• [TASK DETAILS]
Below is a block of entries; repeat exactly the lines starting at the line that contains "This essay analyzes" and ending at the line that contains "water as necessary.", both included.

• [DATA]
-----
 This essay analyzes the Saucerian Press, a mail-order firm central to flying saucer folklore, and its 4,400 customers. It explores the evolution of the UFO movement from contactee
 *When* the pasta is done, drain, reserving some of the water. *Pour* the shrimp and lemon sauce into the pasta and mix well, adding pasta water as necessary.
-----
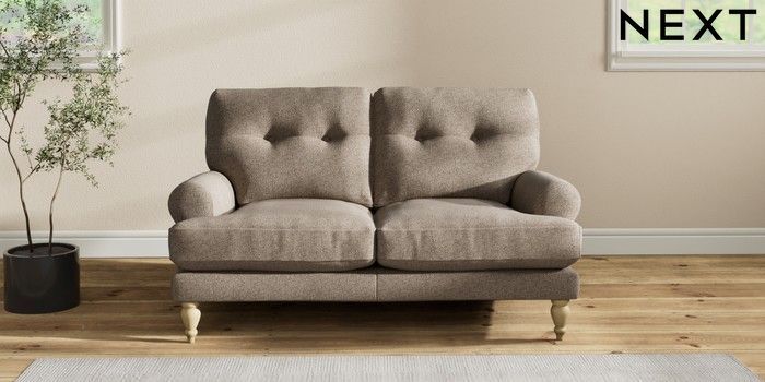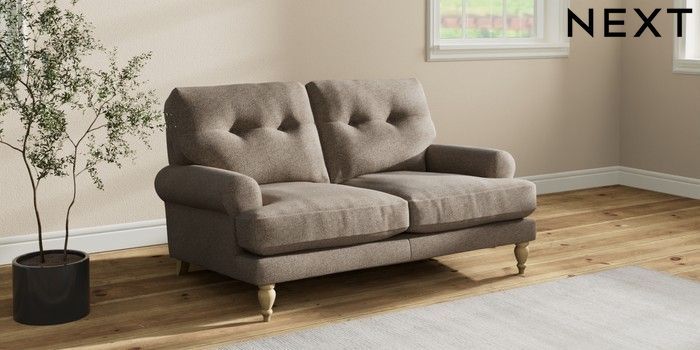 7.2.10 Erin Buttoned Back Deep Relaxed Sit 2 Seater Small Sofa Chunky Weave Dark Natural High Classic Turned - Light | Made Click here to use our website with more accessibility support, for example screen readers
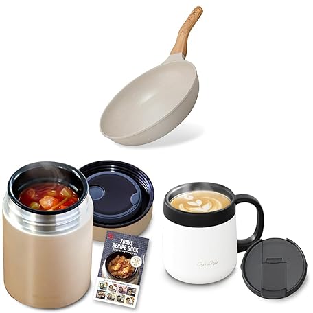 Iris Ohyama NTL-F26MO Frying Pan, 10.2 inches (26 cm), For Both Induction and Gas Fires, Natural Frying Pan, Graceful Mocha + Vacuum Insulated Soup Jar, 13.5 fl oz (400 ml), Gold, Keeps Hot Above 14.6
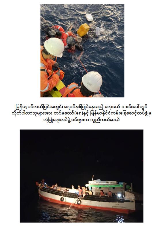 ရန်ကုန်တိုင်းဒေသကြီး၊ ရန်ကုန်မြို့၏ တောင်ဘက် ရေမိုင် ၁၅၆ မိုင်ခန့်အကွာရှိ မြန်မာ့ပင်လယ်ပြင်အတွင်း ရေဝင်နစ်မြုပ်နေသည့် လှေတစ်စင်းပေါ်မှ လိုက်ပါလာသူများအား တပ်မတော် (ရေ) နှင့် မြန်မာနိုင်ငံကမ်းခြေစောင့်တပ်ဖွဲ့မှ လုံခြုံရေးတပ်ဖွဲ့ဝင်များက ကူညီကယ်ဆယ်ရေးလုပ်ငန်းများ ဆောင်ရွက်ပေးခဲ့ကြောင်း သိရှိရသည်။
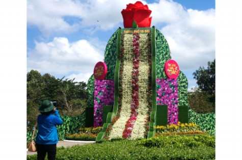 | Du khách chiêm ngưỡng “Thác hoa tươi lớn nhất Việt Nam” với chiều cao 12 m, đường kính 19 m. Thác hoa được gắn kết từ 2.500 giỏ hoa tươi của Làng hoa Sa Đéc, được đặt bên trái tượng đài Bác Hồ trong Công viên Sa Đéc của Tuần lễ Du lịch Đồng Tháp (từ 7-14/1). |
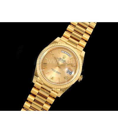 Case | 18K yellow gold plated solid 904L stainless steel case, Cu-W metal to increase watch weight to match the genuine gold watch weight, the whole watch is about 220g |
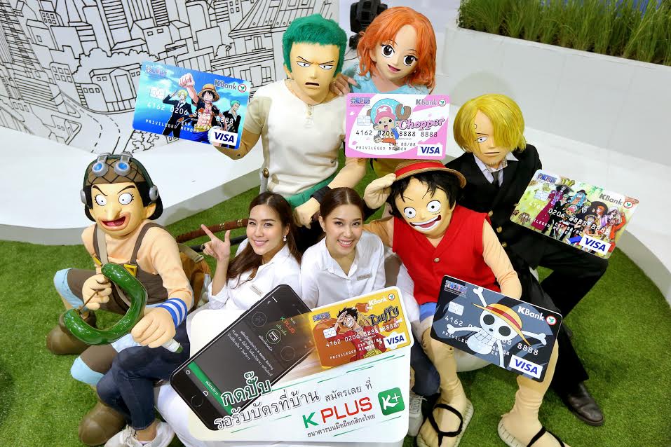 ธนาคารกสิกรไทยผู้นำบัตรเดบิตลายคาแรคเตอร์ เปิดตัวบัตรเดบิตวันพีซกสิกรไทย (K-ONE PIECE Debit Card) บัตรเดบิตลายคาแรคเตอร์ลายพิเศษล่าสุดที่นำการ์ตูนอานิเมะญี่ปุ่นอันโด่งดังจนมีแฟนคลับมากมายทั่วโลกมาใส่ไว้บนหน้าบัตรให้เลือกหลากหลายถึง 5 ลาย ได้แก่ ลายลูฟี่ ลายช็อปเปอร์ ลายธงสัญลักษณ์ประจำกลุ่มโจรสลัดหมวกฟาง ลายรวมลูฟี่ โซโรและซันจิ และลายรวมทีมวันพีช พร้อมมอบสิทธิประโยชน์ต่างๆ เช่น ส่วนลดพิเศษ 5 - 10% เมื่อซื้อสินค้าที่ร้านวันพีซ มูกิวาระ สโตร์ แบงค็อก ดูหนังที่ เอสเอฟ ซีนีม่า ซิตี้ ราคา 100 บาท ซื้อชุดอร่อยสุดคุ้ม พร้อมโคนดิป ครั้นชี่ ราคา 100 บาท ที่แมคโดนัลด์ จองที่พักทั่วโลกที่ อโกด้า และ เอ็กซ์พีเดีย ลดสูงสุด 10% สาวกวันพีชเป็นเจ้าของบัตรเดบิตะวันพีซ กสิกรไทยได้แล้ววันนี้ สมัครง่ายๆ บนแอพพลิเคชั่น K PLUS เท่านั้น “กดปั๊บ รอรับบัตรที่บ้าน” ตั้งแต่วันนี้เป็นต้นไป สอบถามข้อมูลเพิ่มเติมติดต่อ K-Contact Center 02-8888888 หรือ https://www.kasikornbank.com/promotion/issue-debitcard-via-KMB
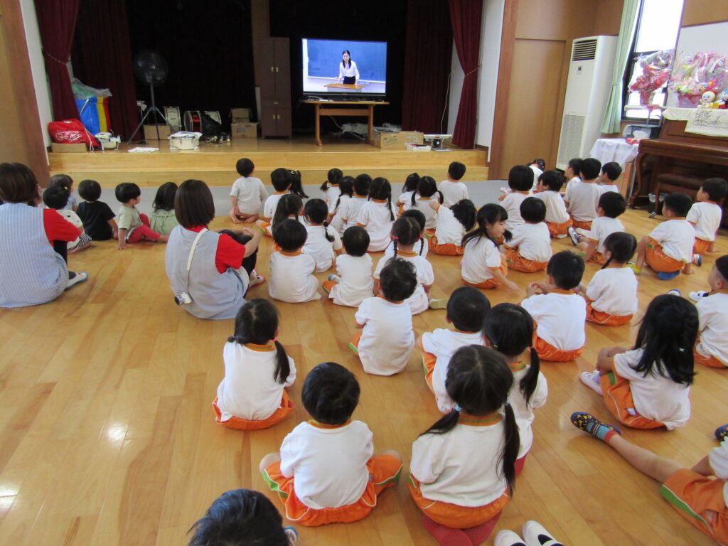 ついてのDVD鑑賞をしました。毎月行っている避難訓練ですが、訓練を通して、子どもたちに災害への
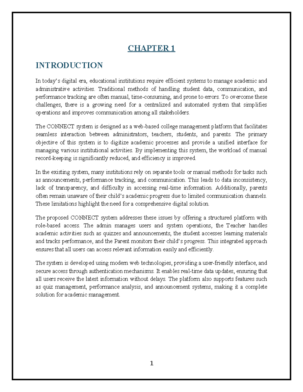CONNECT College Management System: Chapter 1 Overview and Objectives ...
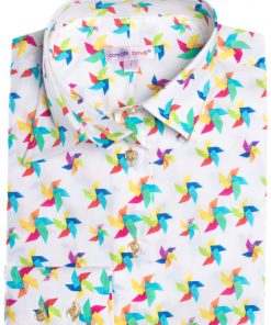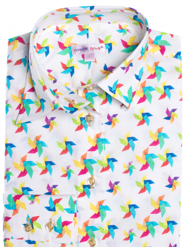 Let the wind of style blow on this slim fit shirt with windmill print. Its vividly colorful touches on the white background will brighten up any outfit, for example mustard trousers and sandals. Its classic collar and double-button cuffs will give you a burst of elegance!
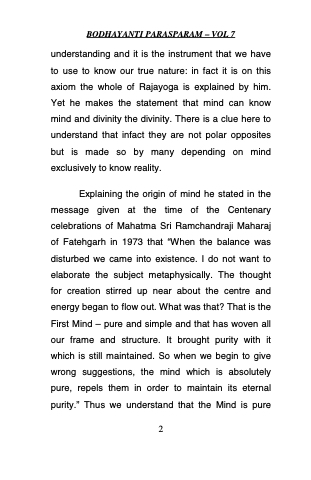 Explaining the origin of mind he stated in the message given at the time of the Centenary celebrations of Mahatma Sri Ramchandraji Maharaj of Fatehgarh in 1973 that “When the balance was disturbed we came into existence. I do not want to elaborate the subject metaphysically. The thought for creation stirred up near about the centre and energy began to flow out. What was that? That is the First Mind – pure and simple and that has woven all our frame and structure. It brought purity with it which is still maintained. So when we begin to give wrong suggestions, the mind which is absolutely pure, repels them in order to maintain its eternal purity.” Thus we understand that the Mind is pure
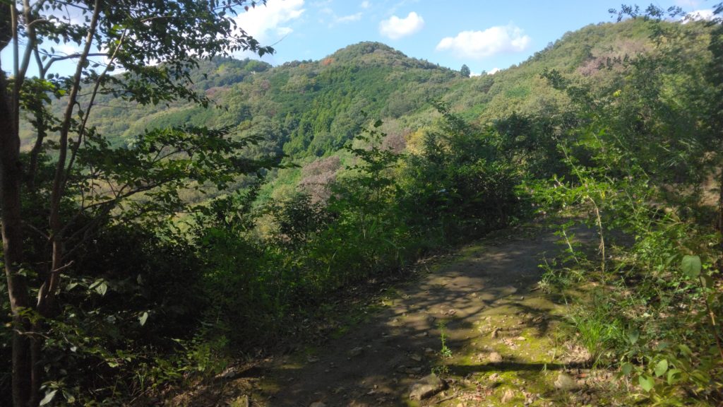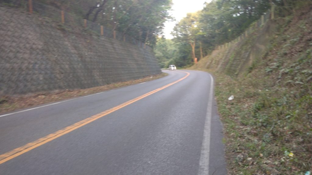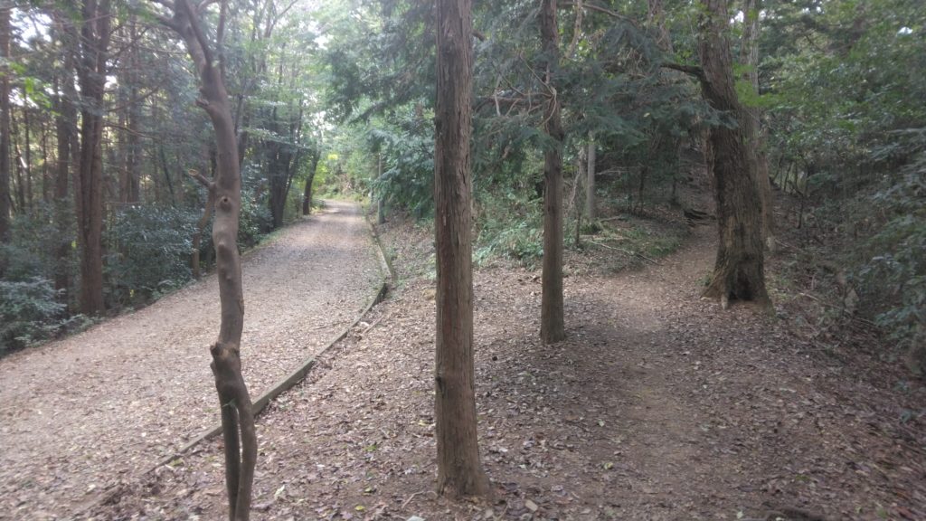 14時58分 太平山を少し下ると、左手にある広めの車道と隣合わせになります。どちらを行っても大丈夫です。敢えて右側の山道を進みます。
-----
• [ANSWER TO THE EXERCISE]
 This essay analyzes the Saucerian Press, a mail-order firm central to flying saucer folklore, and its 4,400 customers. It explores the evolution of the UFO movement from contactee
 *When* the pasta is done, drain, reserving some of the water. *Pour* the shrimp and lemon sauce into the pasta and mix well, adding pasta water as necessary.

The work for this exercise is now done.